There wasn’t much he didn’t love, but he honestly didn’t love cats, except for Max. He didn’t love the eyes on this stuffed animals, so they were promptly removed. He really didn’t love the dirty birds who teased him outside our house. And I think I can safely say the thing he did not like the most was when people touched his feet, “Don’t touch my feet!” The only person who was allowed was Celeste, his amazing homeopathic doctor and acupuncturist who helped us kick his cancer, and even then he would curl them under, tuck them away, out of sight, out of touch.

He especially loved it when we came home (“Let's bust out the Puppy!” we would say). I think most of all he just loved being with us, a good wrestle with John and a soft, sweet cuddle with his Mama (he was THE best cuddler).

And then there are the things I will never ever forget.

I will always remember the day we picked him out, the car ride home curled up on my lap, his big soft puppy belly, and putting him on a puppy diet (I think I mentioned he loved to eat).

And running him down the hallway teaching this little retriever how to be a retriever (he quickly became a pro). His first swim, and his wet, yet always welcome, slobbery kisses.

I’ll remember how he put his paw over his nose when he was cold or didn’t feel so good; how his ears would turn into big elephant ears when he was curious or content; and the way he spoke with his eye brows – oh those eye brows, I will never forget those eye brows. 
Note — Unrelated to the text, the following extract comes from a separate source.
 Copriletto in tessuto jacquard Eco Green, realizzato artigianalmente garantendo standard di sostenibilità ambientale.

I will always remember and admire his bark and how he wasn’t afraid to express himself, so much so he’d tell John when the music was too loud. And how he talked the mailman into giving him a treat - every day.  

Oh! And the day he pretended he was a hippopotamus, rolled around in THE most disgusting mud with so much joy and pride you wanted to jump in with him. (We didn't. We should have.)
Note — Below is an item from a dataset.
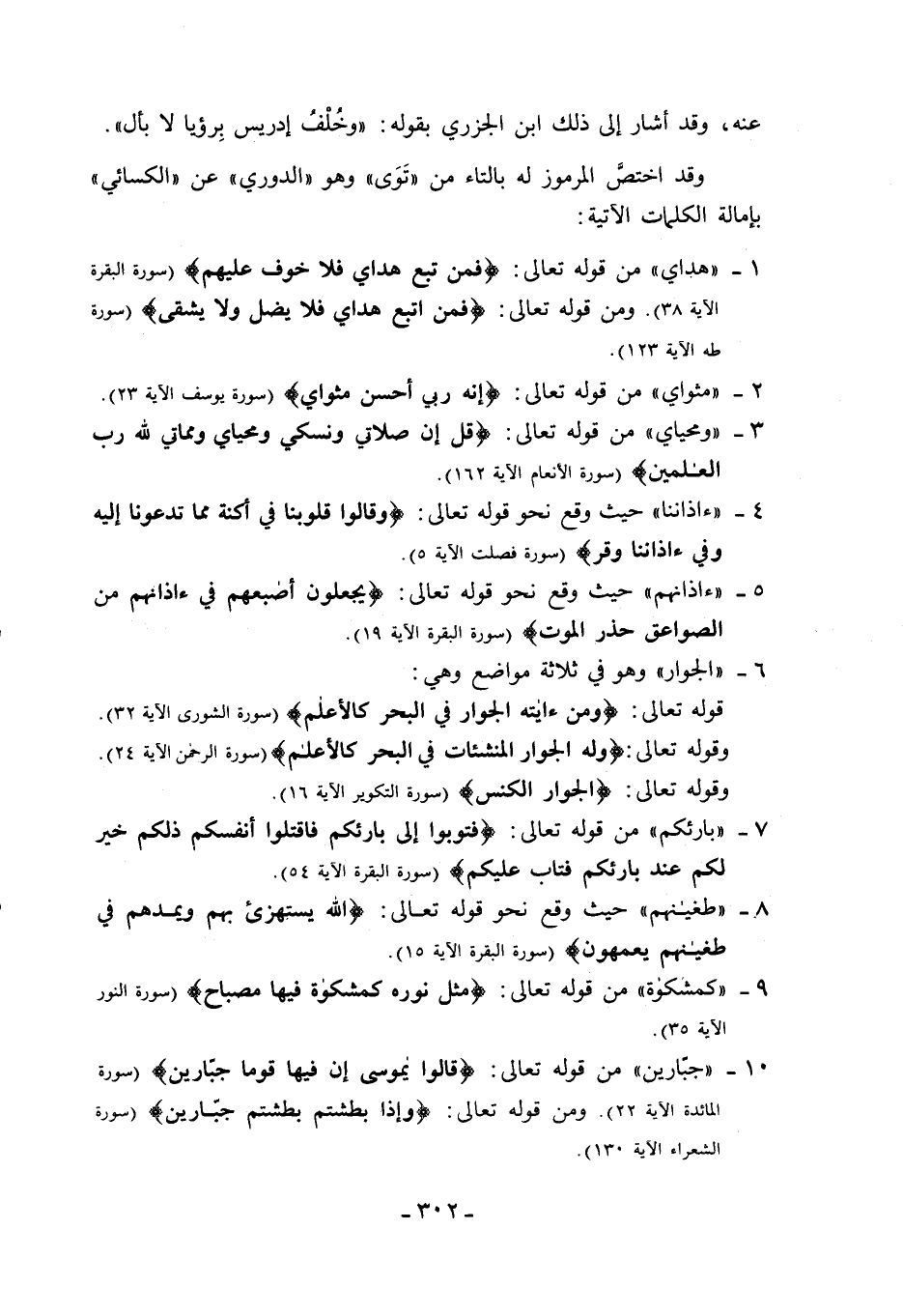وقد اختصّ المرموز له بالتاء من «توى» وهو «الدوري» عن «الكسائي» بإمالة الكلمات الآتية:

I will always remember how he delivered the note that said, “I think it’s time for you to be my official Mama” when John asked me to marry him (the surest way to get me to drop to my knees), and his launch down the aisle at our wedding. 
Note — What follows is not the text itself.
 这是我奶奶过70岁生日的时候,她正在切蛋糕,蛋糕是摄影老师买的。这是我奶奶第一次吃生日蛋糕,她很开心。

And I will never ever forget the day he ate my favorite shoes, and how he sat on the couch, looked at me with those big loving eyes, and dropped his favorite ball into my lap – his peace offering. From that point on, we were forever “Mama + Pancho.” 

I will remember his noble, regal sensibility coupled with his playful puppy-ness. His strength and his courage. His loyalty and his friendship. The truth is, he was my “baby dog” and I love that he would always let me kiss him, over and over and over again. 

There are millions of memories. He beat cancer like a super hero. Three months turned into eighteen. Fifteen extra months of memories, ten years in all, and I will forever be grateful. 

But most of all I will remember how he taught me how to love. Not just any kind of love but that all-in kind of love. He sniffed out an open crevice in my heart, wiggled his nose right in and pried it open little by little until there was no way it could, or would, ever close again. 

He taught me how love was more precious and worth more than anything in the whole world. He taught me how every moment was a moment to be love, to give love, to receive love. That there was no way to waste love, because there is always plenty, always more to give, even when you might not believe you’ve got anything left. He taught me how just a little bit of love – a friendly sniff, a sweet smile – could literally change everything. Forever.

He loved me unconditionally. I loved him the same. And then I loved him some more. And I never let one day, one moment, go by without letting him know. (He was a very good teacher.)

Which is why now, there is an incredible void. Why it hurts so much. Why I can’t go home, and don’t want to be alone. 

And still, I feel him. He is forever in me, of me, around me, with me. He changed me. He made me a better human. I think he made each person, each dog, each moment better than the way he found it. 

Each day I spent with Pancho was a day lived in Paradise. And come to think of it, each day for the rest of my life will be as well. Because he wiggled his way in, he gave me a ball, he gave me his heart, he trusted me with his life, and he taught me how to love.

I love you bud! Thank you for choosing us, for loving me, and turning life into Paradise.